Exercise requirements: With the pictures removed, retype the lines from the one holding "Zazoo 2920 Leather" through the end of the records, exactly as written.

Listed records:

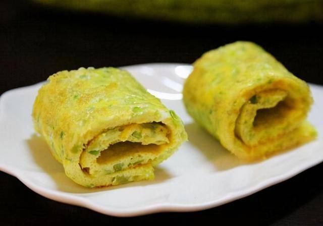 3.锅里抹一层薄薄的油,将鸡蛋打散摊成蛋饼,随后切成细丝。荷兰豆放滚水中焯熟后切成细丝 。
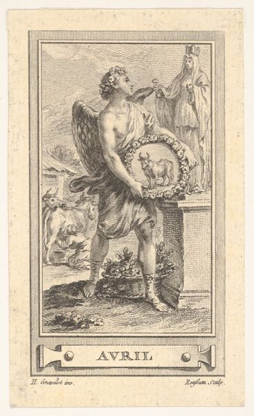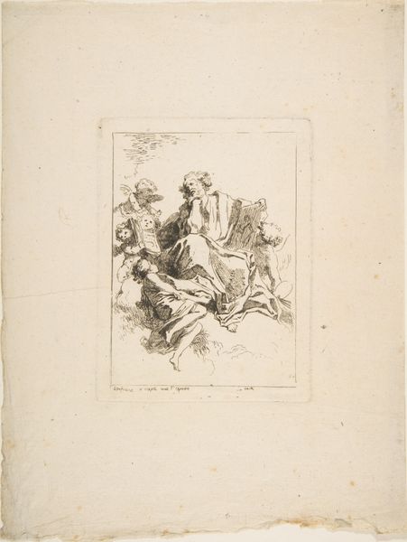 Editor: Here we have Jost Amman's "A Seated Personification of Charity with two Children," dating from sometime between 1539 and 1591. It’s a print, a pen-and-ink sketch. I find it really striking how this image, even rendered so simply, manages to convey such tenderness. What symbols or imagery jump out at you? Curator: Immediately, the very subject matter proclaims a well-worn iconography. Charity, or Caritas, as personified in this engraving, carries immense cultural and psychological weight. The nursing mother with children…does it bring to mind other, perhaps older, images? Editor: Yes! It reminds me a little of images of the Virgin Mary and Jesus. Curator: Precisely. This echoes earlier depictions, drawing a direct visual parallel, imbuing Charity with a maternal holiness. Look closely at how she’s situated – elevated on a plinth, set within an oval frame. Do those details resonate for you? Editor: The plinth definitely makes her seem more important, more…monumental. And the frame feels protective, like she's something precious to be preserved. Curator: Indeed. Amman deliberately situates Caritas not simply as a woman but as an enduring ideal, an emblem of a societal value. Note also the turbulent folds of drapery. Doesn’t it imply the ceaseless movement of generosity? Editor: Now that you mention it, the dynamism in the folds really does counter the static setting. So it's about making something eternal feel alive? Curator: Absolutely. This reflects how visual symbols can simultaneously recall tradition while remaining relevant to present-day emotion and cultural need. Jost Amman creates this resonance in a highly original manner. Editor: I see what you mean. It's a powerful synthesis of symbolism and skillful execution! Curator: Exactly. The beauty and wisdom in visual language, accessible to every level of awareness, but so greatly enhanced by scholarly exploration!
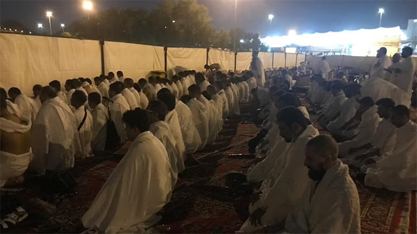 مزدلفہ میں حجاج مغرب اور عشا کی نماز ایک ساتھ ادا کرتے ہیں (فوٹو: سبق)
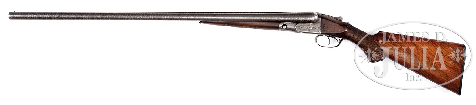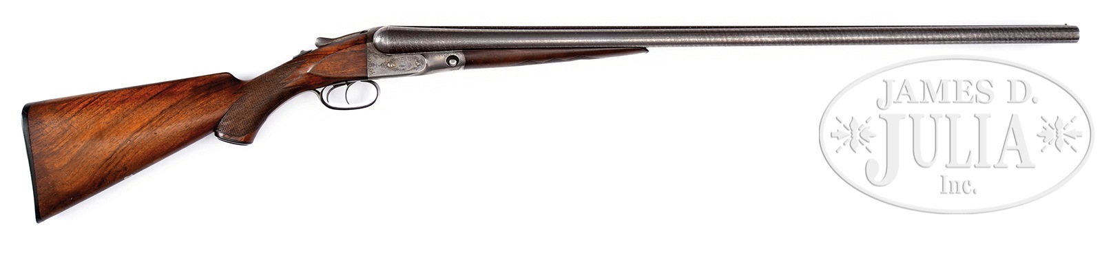 PARKER GH GRADE SHOTGUN.SN 79303. Cal. 12 ga. 30″ Damascus bbls, 2-3/4″ chambers, IM/IM chokes. Single bead. Concave matted rib. GH non-ejector #2 receiver. Double triggers. Extractors. Splinter forend. Capped pistol grip stock. Widow’s peak dog’s head hard rubber buttplate. LOP 13-3/4″. DAC 1-7/8″. DAH 3-1/8″. Auto safety. CONDITION: Fair. Bbls display nice Damascus pattern on bbls & rib, heaviest wear above forend. Patch of light dings in right bbl approx 14″ from muzzle. Bright unpitted bores. Receiver mostly silvered with some areas of wear to engraving. Wood is sound & fits well. Checkering worn. “P.T.” carved into left cheek, heavily dented at left side comb, toe line worn. Buttplate nice. Gun slightly loose. Top lever slightly left. Good mechanics. 51005-5 TJW (1,000-1,500) – Lot 3469
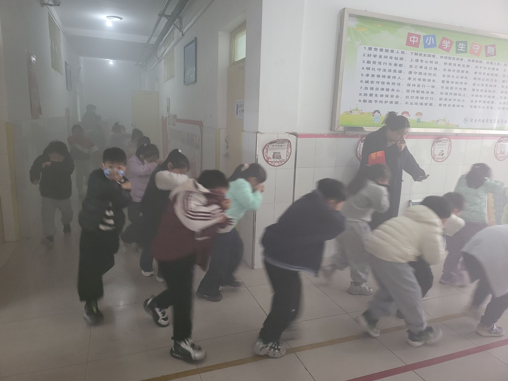 急促的消防警报响起,演练进入实战环节。教学楼楼道已提前释放烟雾,模拟真实火情的烟雾迅速弥漫,营造出紧张的实战氛围。在老师指引下,学生们立即采取“弯腰低姿、双手捂鼻”的防护姿势,避开高浓度烟雾区域,按预设分东西两路沿楼梯靠右撤离。老师全程提醒“保持间距、注意脚下”,保障撤离安全高效。从警报拉响到全体师生抵达操场安全区域,仅用时2分33秒,充分体现了应急预案的科学性与师生执行力。
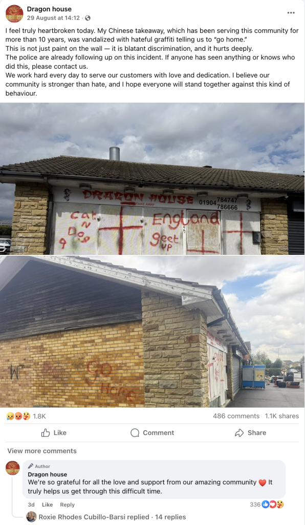 The heartbroken owners of a Chinese takeaway in York have been left devastated after their business was targeted with racist graffiti. The vile messages, which included the words “go home” and a version of the St George’s Cross, were discovered on the front of Dragon House on Foxwood Lane on Friday morning.
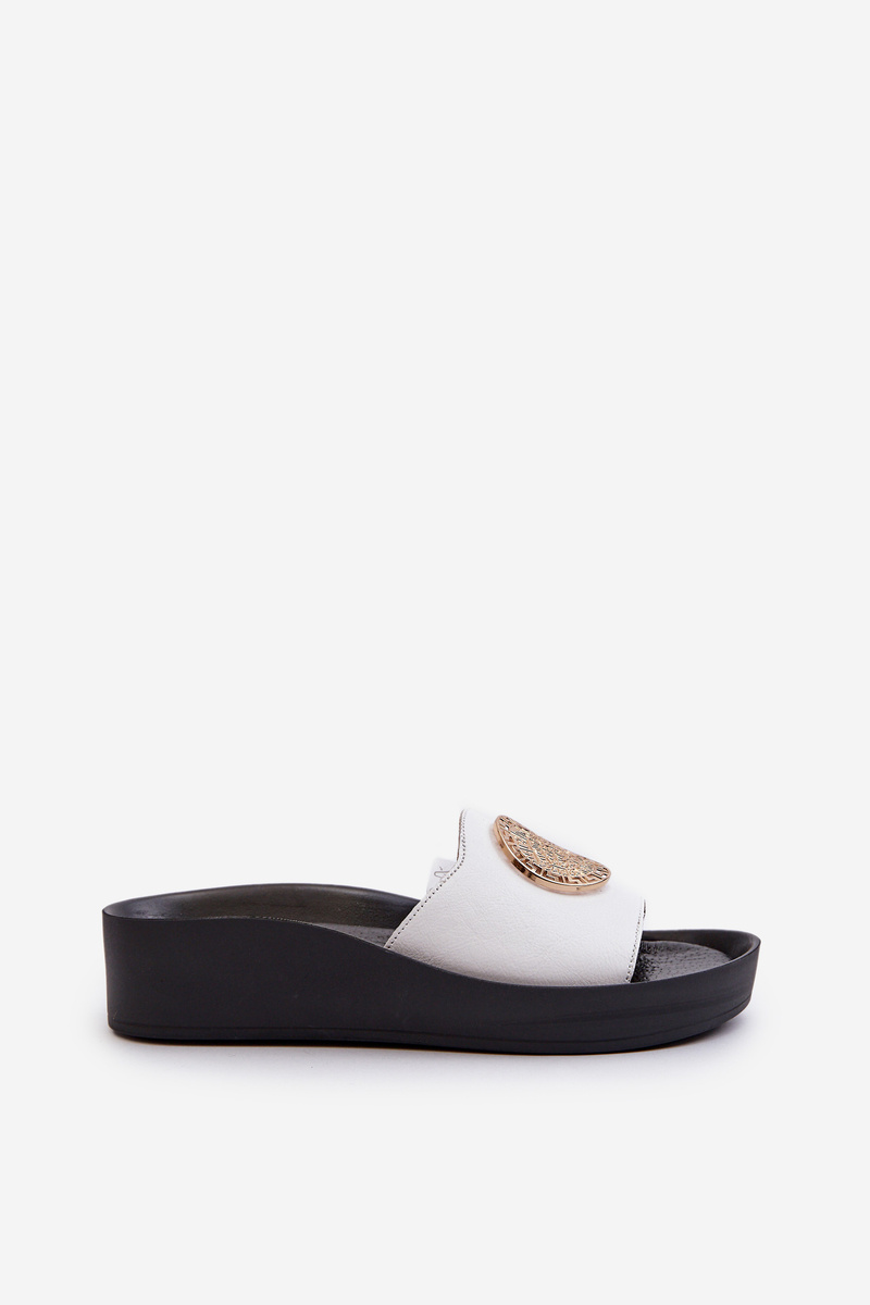 Zazoo 2920 Leather Women's Wedge Sandals With Gold Detail White Zazoo 2920
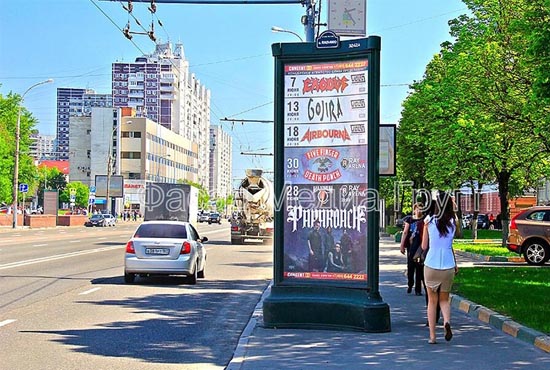 Наши клиенты часто задают нашим менеджерам вопрос: «Что такое тумбы и пилларсы?». Отвечая на данный вопрос, специалисты нашей компании указывают, что пилларс и тумбы представляют собой цилиндрическую рекламную конструкцию 1.4 м х 3 м., предназначенную для размещения рекламных постеров, имеющую, как правило, внутреннюю подсветку и стекло для защиты размещенных рекламных материалов. Пиллары имеют круговой обзор. Данный факт позволяет охватывать как прохожих, так и водителей, пассажиров транспортных средств. Эффективность размещения рекламы на пилларсах достигает 100%.
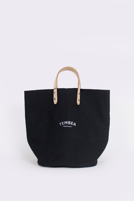 This single-compartment cotton canvas tote bag by Japanese designer Torso was made on old-fashioned shuttle looms that have been in use for over 40 or 50 years. Made of a sturdy cotton canvas treated with paraffin in order to be water repellent. Features a solid selvedge edge and a light leather strap.
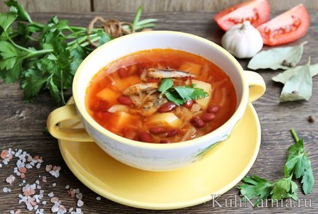 Борщ с фасолью и килькой
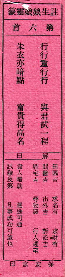 注生娘娘灵签 第六签
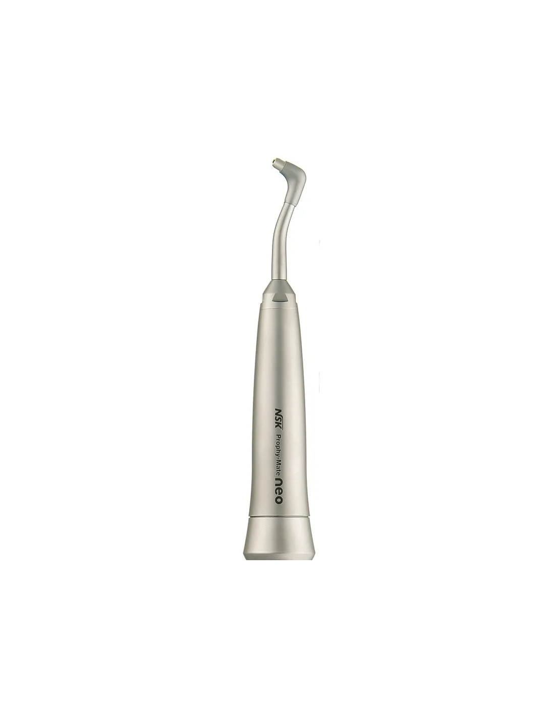 La pieza de mano Prophy-Mate Neo de NSK para el aeropulidor del mismo nombre, posee un diseño ligero, compacto y de peso equilibrado que facilita su uso y previene el cansancio.

Result:
 Zazoo 2920 Leather Women's Wedge Sandals With Gold Detail White Zazoo 2920
 Наши клиенты часто задают нашим менеджерам вопрос: «Что такое тумбы и пилларсы?». Отвечая на данный вопрос, специалисты нашей компании указывают, что пилларс и тумбы представляют собой цилиндрическую рекламную конструкцию 1.4 м х 3 м., предназначенную для размещения рекламных постеров, имеющую, как правило, внутреннюю подсветку и стекло для защиты размещенных рекламных материалов. Пиллары имеют круговой обзор. Данный факт позволяет охватывать как прохожих, так и водителей, пассажиров транспортных средств. Эффективность размещения рекламы на пилларсах достигает 100%.
 This single-compartment cotton canvas tote bag by Japanese designer Torso was made on old-fashioned shuttle looms that have been in use for over 40 or 50 years. Made of a sturdy cotton canvas treated with paraffin in order to be water repellent. Features a solid selvedge edge and a light leather strap.
 Борщ с фасолью и килькой
 注生娘娘灵签 第六签
 La pieza de mano Prophy-Mate Neo de NSK para el aeropulidor del mismo nombre, posee un diseño ligero, compacto y de peso equilibrado que facilita su uso y previene el cansancio.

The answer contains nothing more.